Police Commissioner Anthony Batts says violence is out of control in the Western District in part because his officers find themselves surrounded by people with video cameras every time they show up to do even the most routine police work. To give him some credit for his first significant public remarks about the three-week-long spate of drastically increased murders and non-fatal shootings, he did not appear angry or mystified at this phenomenon. Rather, he recognized it for what it is: evidence of a community whose relations with the police have passed the breaking point in the wake of Freddie Gray's death and the ensuing riots. Mr. Batts is promising more community engagement as a result, and that's good, but he has been promising that since the moment he arrived in Baltimore nearly three years ago. That his efforts have only brought us to this point calls into question whether he can ever achieve his goals.
While Mr. Batts may have been exaggerating in saying officers are being videotaped by "30 to 50" people on every call, it's clear that the dynamics on the street have changed. Officers are not only being taped but also frequently berated by residents angry not just over what happened to Freddie Gray but also about what they say is a long history of abuse by police officers. Even with the passage of three weeks since the riots, passions have not cooled. Nor is the anger — or the recent violence — contained to West Baltimore. On the same day that Mr. Batts made his remarks, five people were shot, one fatally, along Linwood Avenue in East Baltimore. The city saw its 100th homicide of the year the next day.
From his very first public appearances in Baltimore, Mr. Batts preached the need to foster a "a police organization that remembers that we serve our community." He had a reputation for engaging closely with the community during his tenure as police chief in Long Beach, Calif., and he pledged to take time to learn the culture here. In his confirmation hearing in 2012, he pledged "marked improvement in our systems and our commitment to community." He went on ride-alongs, attended community meetings and chatted up residents on the streets.
On a substantive level, he disbanded the Violent Crimes Impact Section, a plainclothes unit that had generated significant community complaints, and he put more officers on patrol to respond to 911 calls. He created a new community policing division and beefed up internal affairs to investigate police uses of force and allegations of misconduct. He promised to give officers "the tools... so they can be more empathetic." In a Sun op-ed two years ago, Mr. Batts explained his strategy: "Simply put, we continue to target illegal guns and violent offenders, and we have added two factors — additional police presence for the comfort and safety of the community and community engagement, in an effort to build bridges and communication between police and the community." At his one-year anniversary, Mayor Stephanie Rawlings-Blake said she was "proud of his emphasis of getting in the community and making sure everyone understands it's not them against us, which is for far too long what people felt."

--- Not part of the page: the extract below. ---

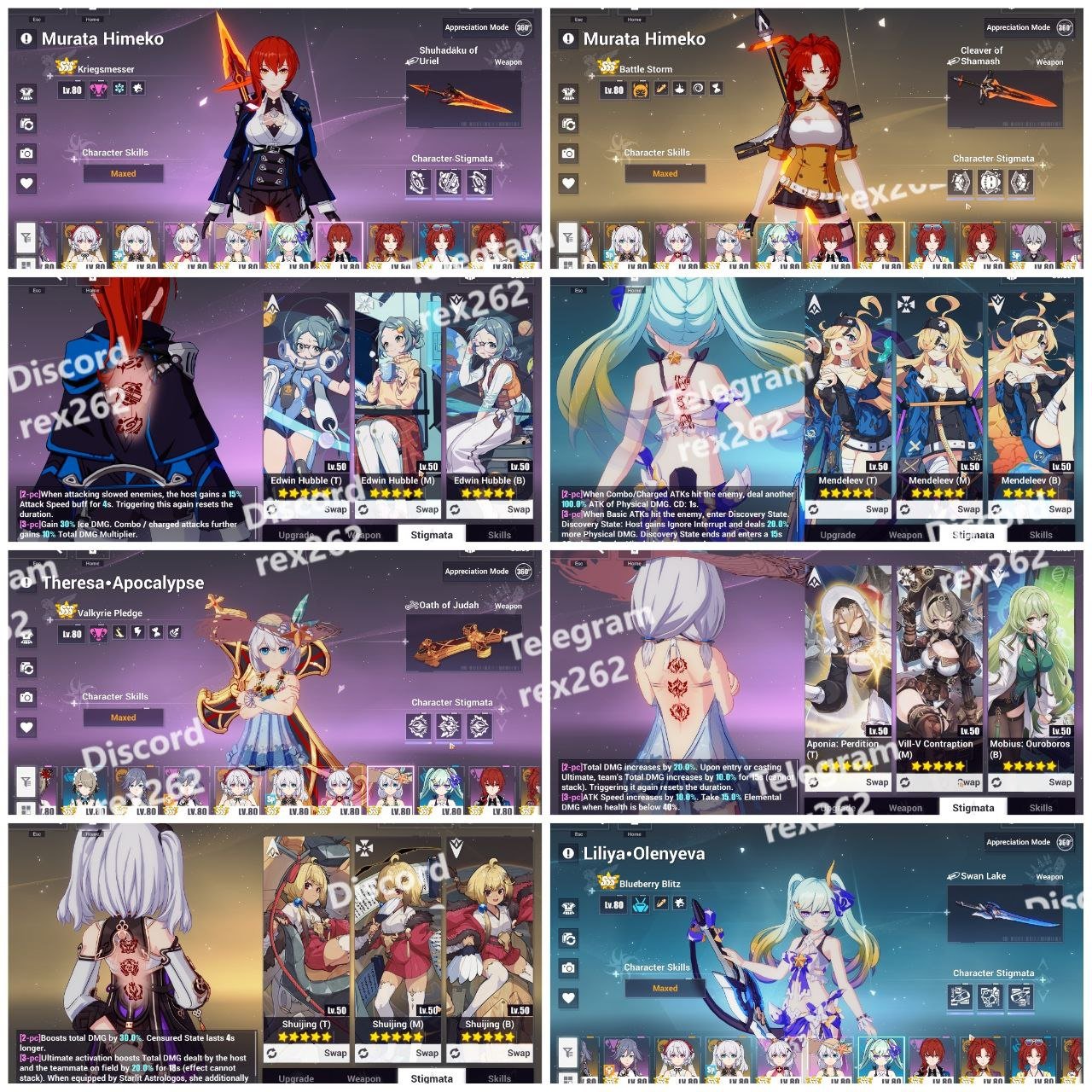 • Herrscher of the Void (Kiana Kaslana): Fully maxed with signature stigmata and weapon.

But 2014 saw the commissioner and mayor on the defensive about police misconduct after a Sun series on the city's history of police brutality settlements, which came around the same time as a widely publicized video of an officer beating up a man at a bus stop — a video the department had for two months but did nothing about. Mr. Batts and the mayor requested that the Justice Department conduct a "collaborative review" into allegations of brutality and misconduct. "I didn't break it, but I'm here to fix it," he said at the time. By this spring, even before Freddie Gray's arrest and death, Mr. Batts was lamenting the "1950s-level black-and-white racism" in Baltimore and a "visceral hatred of the police department" in the community. After Freddie Gray's death and the riots, the mayor requested that the Justice Department upgrade the collaborative review to a full-scale civil rights investigation.
The commissioner has always been a candid observer of the breakdown in Baltimore's police-community relations. We appreciate that, but acknowledging the situation isn't the same as resolving it. When he first arrived here, Mr. Batts said he would keep driving violent crime down and start driving community trust up. Now violent crime is up — murders by 40 percent and non-fatal shootings by 70 percent over last year — and community trust is perhaps as low as it has been since the 1968 riots. At what point do we stop saying Mr. Batts needs more time for his reforms to work and at what point do we concede that they don't?